Southeastern Section - 74th Annual Meeting - 2025

Paper No. 40-5
Presentation Time: 1:00 PM-5:00 PM

THE UPS AND DOWNS OF EARLY SILURIAN BIODIVERSITY: NEW INSIGHTS FROM THALLIUM ISOTOPIC RECORDS OF SOUTH CHINA AND BALTOSCANDIA


EVENSON, Nathaniel1, GOODIN, Jay2, ZHANG, Junpeng3, OWENS, Jeremy D.4 and YOUNG, Seth A.4, (1)Department of Earth, Ocean, and Atmospheric Science, Florida State University, Tallahassee, FL 32306, (2)Florida State University, 1800 E Paul Dirac Dr, Tallahassee, FL 32310, (3)Nanjing Institute of Geology and Palaeontology, Chinese Academy of Sciences, East Beijing Road 39, Nanjing, Jiangsu Province, Nanjing, 210008, China, (4)Department of Earth, Ocean, and Atmospheric Science – National High Magnetic Field Laboratory, Florida State University, Tallahassee, FL 32306

In the early Silurian (Llandovery Epoch) biodiversity was low immediately following the Late Ordovician Mass Extinction. After the first 2 to 3 Myr of the Llandovery, marine fauna began to recover in what is called the Rhuddanian-Aeronian Radiation Event. In the late Aeronian stage of the Silurian, this diversification was paused by the Sandvika/sedgwikii Event, a period of extensive biotic turnover among major marine groups such as graptolites and brachiopods. The prevalence of organic-rich shales and evidence for globally reducing conditions at the Ordovician-Silurian boundary indicates that marine (de)oxygenation may have played a significant role in the biodiversity changes throughout the Llandovery. Previously there had been little global evidence to support this hypothesis, but now with the application of the novel Tl redox proxy to marine shales covering the entire Rhuddanian-Aeronian interval, we can begin to unravel the impacts of global (de)oxygenation of marine bottom waters on early Silurian marine biodiversity.

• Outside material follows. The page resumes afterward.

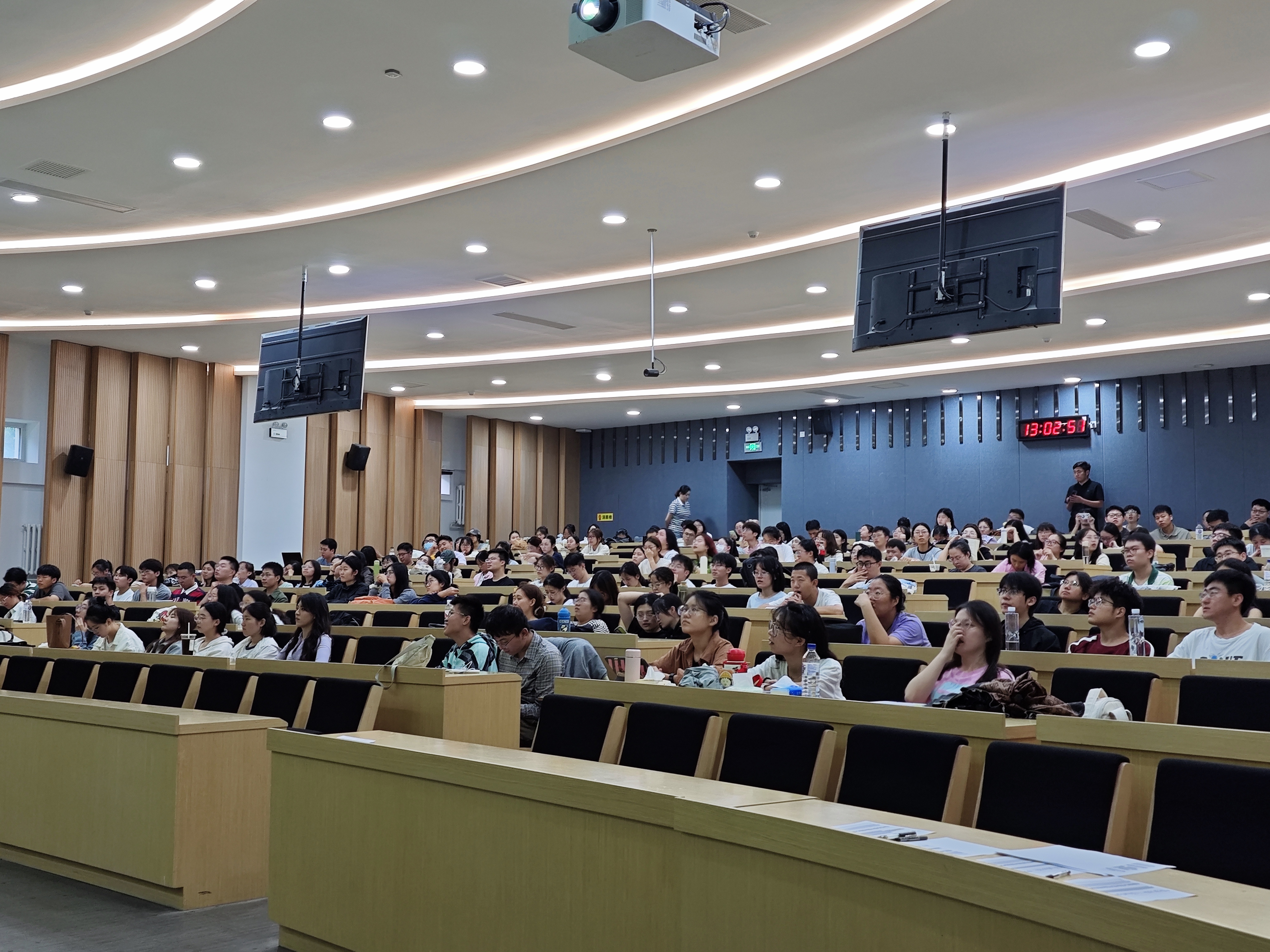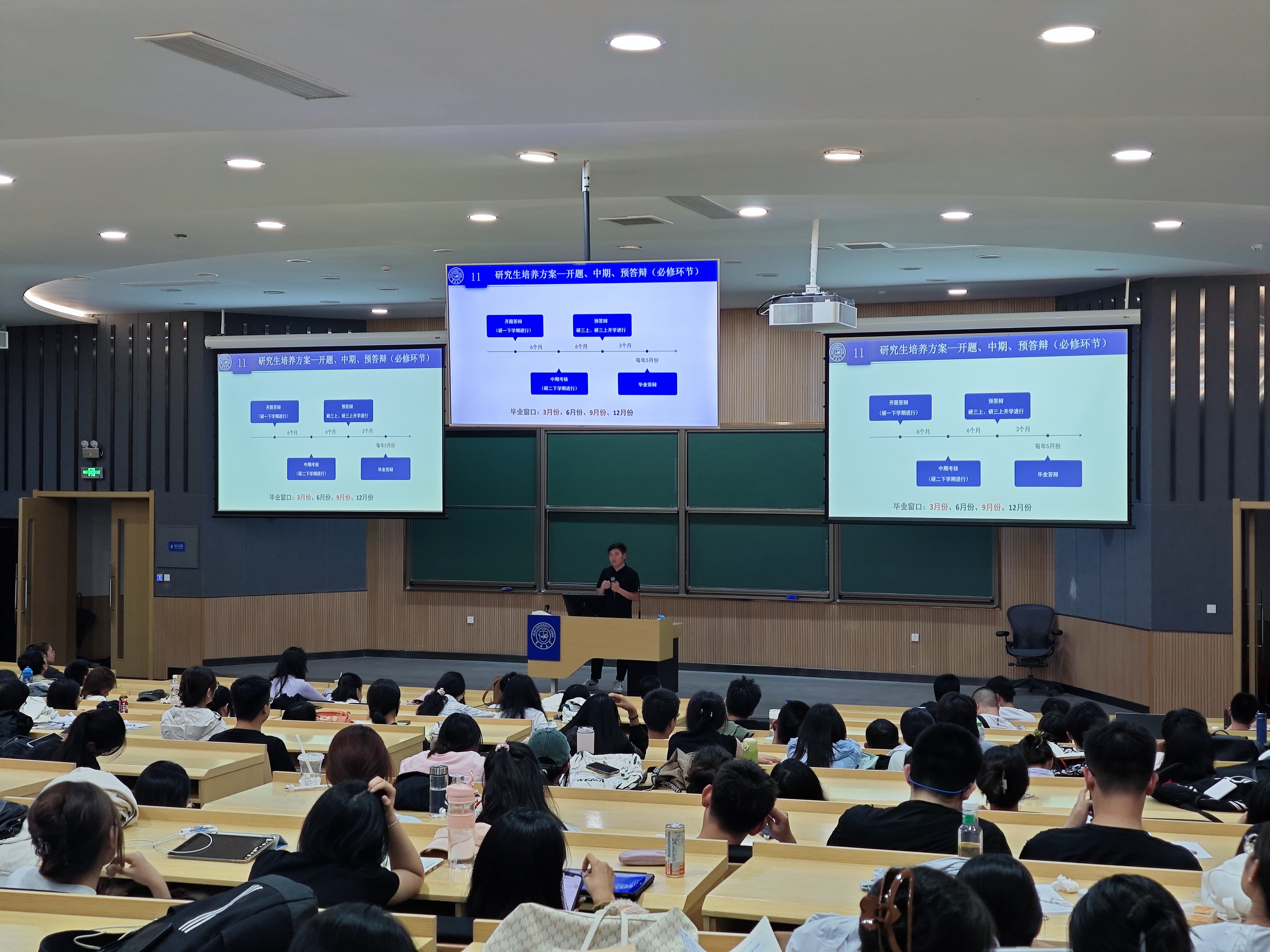 在逸夫楼第五阶梯教室举办了2024级研究生年级大会。本次大会由学院研究生辅导员任中帅主持,学院党委副书记林相友、研究生办公室主任王秀丽和2024级全体研究生参加年级大会。

Geochemical analyses of organic-rich shales from drill cores in the Baltic (Aizpute-41) and South China (Lu-205) indicate bottom waters were locally reducing at both locations during the early Rhuddanian through late Aeronian. Authigenic seawater Tl isotopes are recorded under such conditions and track the degree of global Mn-oxide burial. When fewer Mn-oxides are being buried, the Tl isotopic ratio is further from the modern well-oxygenated marine value, indicating more reducing conditions globally.

Exciting new data from these drill cores suggests that the biotic low in the Rhuddanian is contemporaneous with much less Mn-oxide burial than in modern oceans, indicating global oceans were more reducing. During the Aeronian, Mn-oxides became more abundant, indicating global oceans were less reducing than before. This change is contemporaneous with both the radiation and extinction events. The Aeronian period also appears to experience more dynamic redox conditions than the Rhuddanian, suggesting that the marine redox and climate history in the early Silurian is more complex than previously understood.